Diff-Serv Marker (DS_MARK) The diffserv queuing discipline offers a framework within which the ISP's can offer each customer a range of network services which are differentiated on the basis of performance. Clark-Shenker-Zhang (CSZ) CSZ presents a more precise but less flexible and less efficient approach. The main idea is to create WFQ flows for each guaranteed service and to allocate the rest of bandwidth to dummy flow-0. Flow-0 comprises the predictive services and the best effort traffic. It is handled by a priority scheduler with the highest priority band allocated for predictive services, and the rest to the best effort packets. Priority In this, the router maintains multiple queues. High priority packets are put in the high priority queue and low priority ones in the low priority queue. Packets from high priority queue are first sent on the link. Only when the high priority queue is empty, packets from low priority queue are sent. Traffic Equalizer (TEQL) It's used to combine several internet connections to one virtual connection i.e., It allows to bundle interfaces. It is recommended although not by any means required to use interfaces of equal speed. This is due to packet reordering occurring if using a relatively slow and a fast interface together.

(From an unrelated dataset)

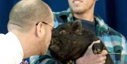 После того, как директор поцеловал свинью в пятачок, на сцену вышла его начальница, председатель образовательного округа Линн ДиПьетропо и под восторженные крики детей также поцеловала животное.
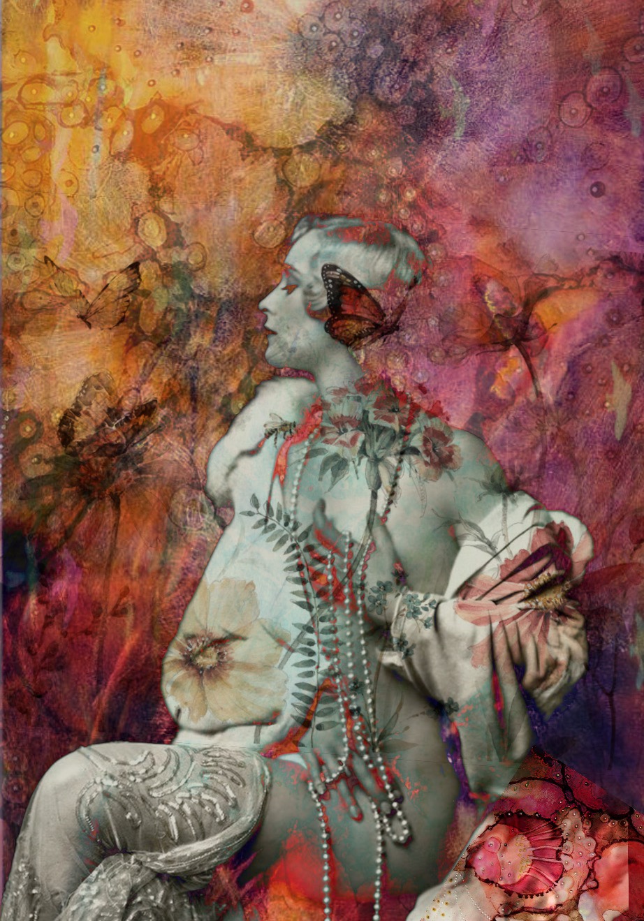 I made these two versions of this, same, but different. The colors or lack of it makes the statement. These mixed media works include old photographs, layers of flowers and texture and the power of colors. Hope you enjoy them.

Classes The occurrence of classes and their functionalities are the basic properties of the queuing disciplines. Normally the queuing disciplines have a one to one relationship with the classes. Each class owns a separate queue. The main function of the classes is to hold the packets under it, which makes the queuing disciplines to request the filters in order to identify which class actually the packets belongs. The class can be identified by two ways. One is by means of a class identifier ( u32 data type) which is indicated by the user himself. The other is by means of an Internal Identifier ( used within the kernel itself ) which is used more frequently by the various functions present in the class. Each and every queuing discipline may have a number of classes. These classes does not hold the packets within itself, but instead it uses another queuing discipline for the purpose of holding the packets. The queuing discipline will again have a number of classes and the process will proceed like that, which makes the quality of service in linux matchless with any other. The various queuing disciplines that support classes are namely Class Based Queuing, Clark-ShenkerZhang, Diff-serv Marker and First In First Out ( default one ).

Classifiers/Filters The main function of the filters is to organize the packets based on their properties. The classification of packets may be done by listening their respective IP header, IP address, port numbers etc., There are 3 major components in the system : The classifier, the queues, and the scheduler. Filters The packet first flows into the system through the classifier. It is the classifier's duty to decide what to do with the packet. A very comprehensive set of user-configurable policies that make up the policy database control how the classifier identifies each packet and what it does with each packet. The policy database will be discussed in great details later in this document. When the classifier sees the packet, it can do one of three things :

1.Discard the packet : This allows the classifier to provide a very robust and granular packet filtering mechanism. 2.Forward the packet at real time : This means that the packet bypasses the entire bandwidth management system and is immediately forwarded by the device. The endresult is effectively the same as if bandwidth management was not enabled at all. 3.Prioritize the packet : This allows the mechanism to provide actual bandwidth management services.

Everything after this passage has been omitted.